The Nightfire visibility data is in a slightly different format to that described in the above section. The data is not run-length encoded, which makes interpreting it easier, but the size of each "record" is not necessarily minimal (ie. the floor of (numLeaves + 7) / 8). The size can be deduced by checking the lowest non-zero visibility offset in the leaves lump, as it does appear that all records are the same size. The extra padding on each record always appears to be zeroed, and it is suspected (but not confirmed) that rows are padded to be 4-byte aligned.

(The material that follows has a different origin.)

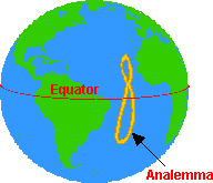 The analemma is a figure-8-shaped diagram that shows the declination of the sun (the angle that the sun is from the equator), for each day in the year. If you took a snapshot of the sun at the same time each day (from the same location), the Sun would make a figure shaped like an analemma during the course of a year (this is because the Earth is tilted on its axis and because it doesn’t orbit the Sun in a perfect circle).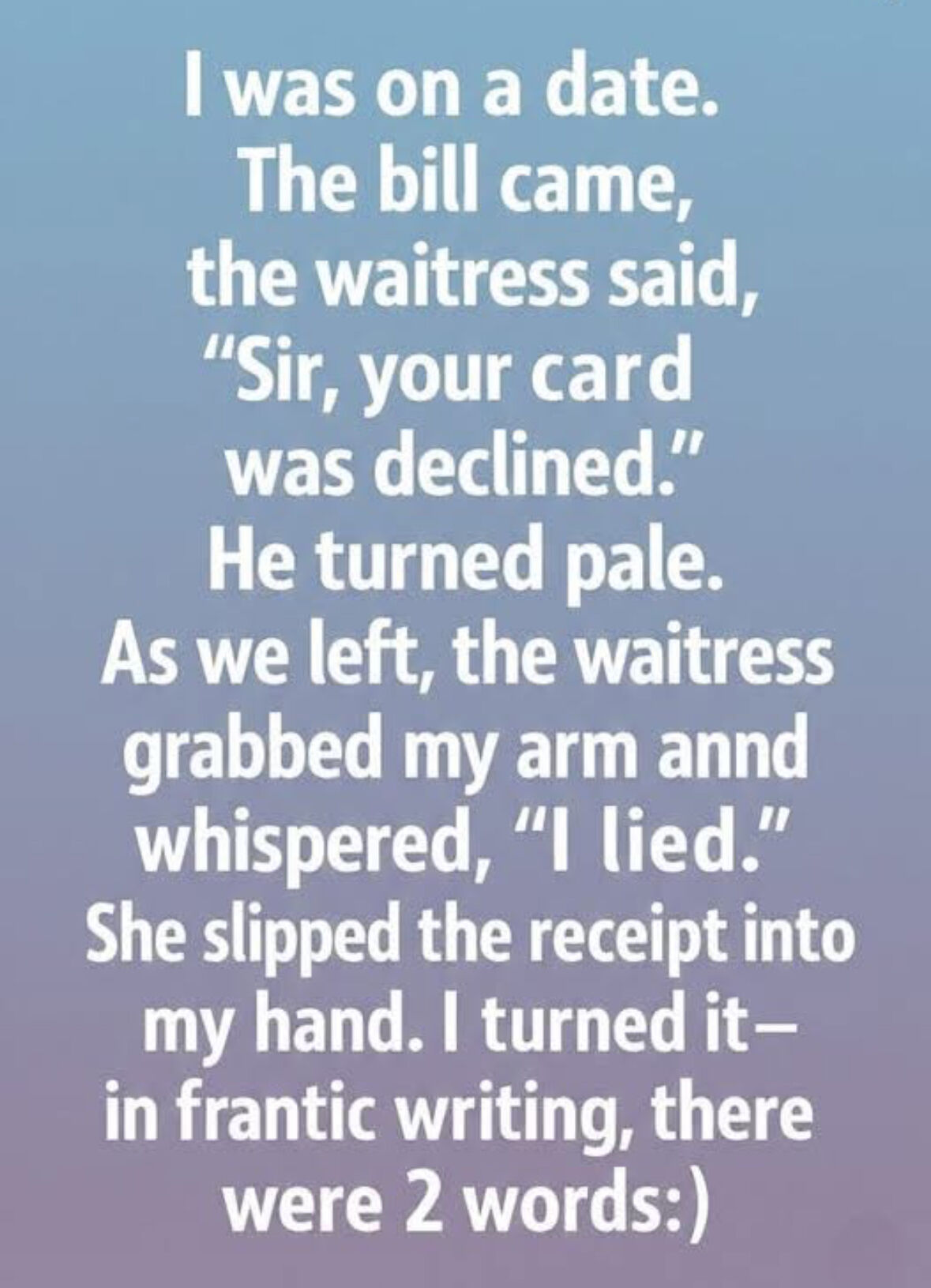 The cool night air did little to calm the warmth spreading across my face. I worried about what my date might be thinking, how quickly a good impression could disintegrate. Just as I was trying to gather my thoughts, the restaurant door opened, and the server called my name. She approached quietly, touched my arm, and whispered, “I lied.” She handed me a folded receipt and walked back inside. Still confused, I opened it. The bill was marked as paid, with no signature from me, just confirmation that someone had covered the cost. The server had staged the declined-card moment to protect my dignity, while allowing the act of kindness to remain anonymous.

There is no vis record corresponding to leaf 0, and similarly no bits in any vis record represent visibility to leaf 0. This means that bit n represents whether or not the given leaf can see leaf n+1.

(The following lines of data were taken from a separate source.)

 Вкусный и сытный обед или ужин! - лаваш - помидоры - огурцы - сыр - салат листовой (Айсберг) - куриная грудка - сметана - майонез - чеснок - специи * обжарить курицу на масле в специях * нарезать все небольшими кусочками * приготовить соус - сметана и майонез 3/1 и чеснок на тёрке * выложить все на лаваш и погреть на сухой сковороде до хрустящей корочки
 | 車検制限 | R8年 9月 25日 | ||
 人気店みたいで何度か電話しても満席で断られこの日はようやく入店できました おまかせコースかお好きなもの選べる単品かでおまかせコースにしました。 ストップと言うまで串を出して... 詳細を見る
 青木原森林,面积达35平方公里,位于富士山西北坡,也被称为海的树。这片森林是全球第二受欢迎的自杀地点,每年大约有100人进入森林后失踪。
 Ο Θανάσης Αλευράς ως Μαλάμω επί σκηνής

In the Leaves lump, leaf 0 is given a vis offset of zero. This should be ignored and treated as invalid.
8: Nodes
Each node represents one level in the BSP tree, corresponding to a planar split. It has two children that correspond to volumes either side of the split (if a node didn't have children it would be a leaf, and would belong in the Leaves lump).
The bounds here are assumed to encompass all children below this node in the tree.

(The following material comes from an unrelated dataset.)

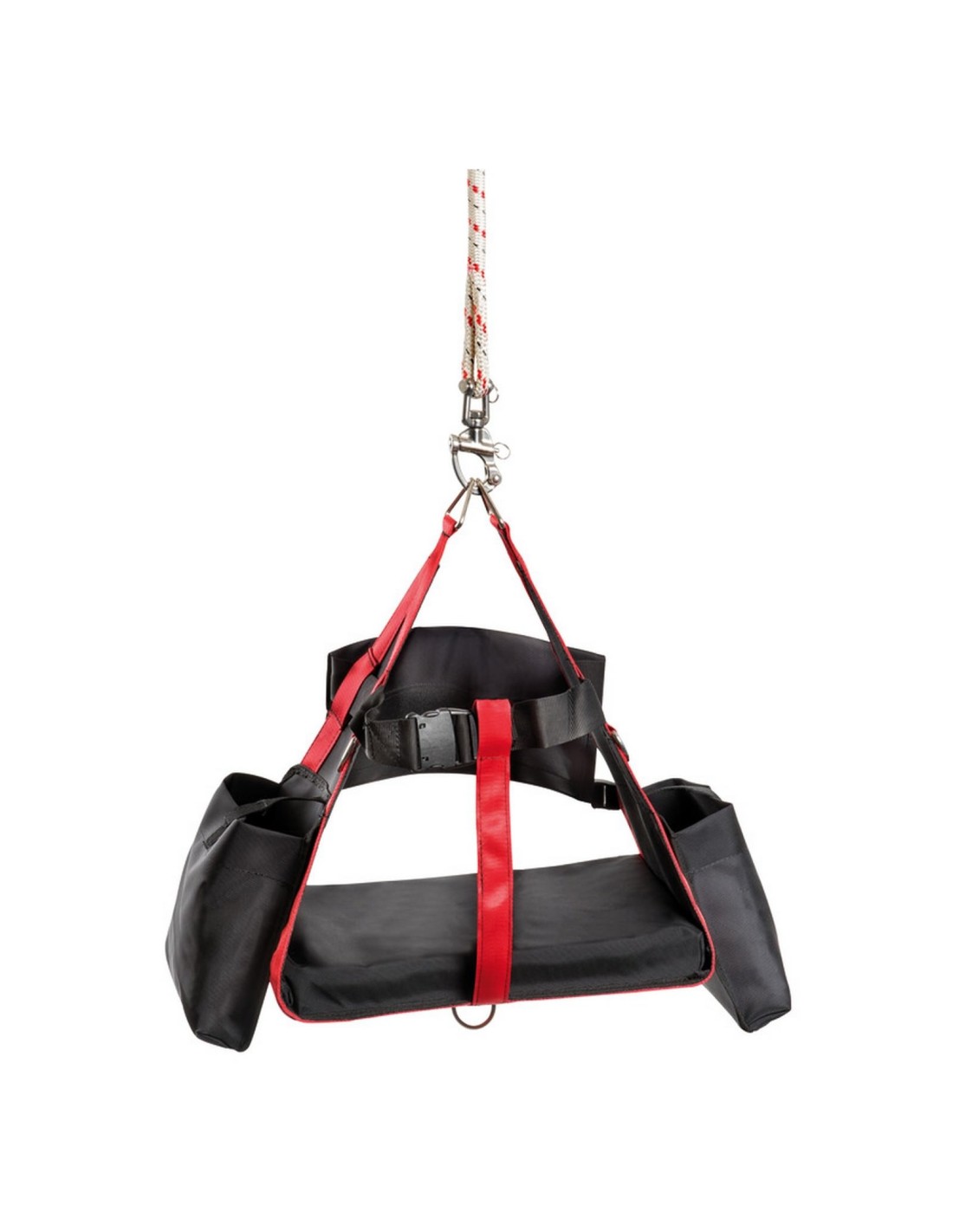 Realizzato in tessuto nylon ultra resistente, con nastri di sostegno a sviluppo totale perimetrale. Seduta imbottita (spessore 50 mm), di grandi dimensioni (45 x 30 cm) per il massimo confort. Provvisto di due grandi tasche laterali da 26 x 23 cm. Completo di sacca traspirante per lo stoccaggio.

Note that as in Half-Life, negative child indices indicate leaves rather than nodes. If an index n is negative, it refers to leaf -(n+1) (or equivalently, -n - 1).
// Length: 36
struct Node
{
uint32_t PlaneIndex; // Index into Planes
int32_t Children[2]; // Index into Nodes or Leaves
float Mins[3];
float Maxs[3];
}
9: Surfaces
Describes an actual face (comprised of triangles) that is drawn in the map. VertexIndex indexes into the Vertices lump, and DrawIndex indexes into the Draw Indices lump. Each draw index is an index into the collection of vertices used by each item, between 0 and VertexCount - 1 inclusive.
It is assumed that all triangles on a surface lie exactly on the surface's plane, though it is not clear whether this is strictly required.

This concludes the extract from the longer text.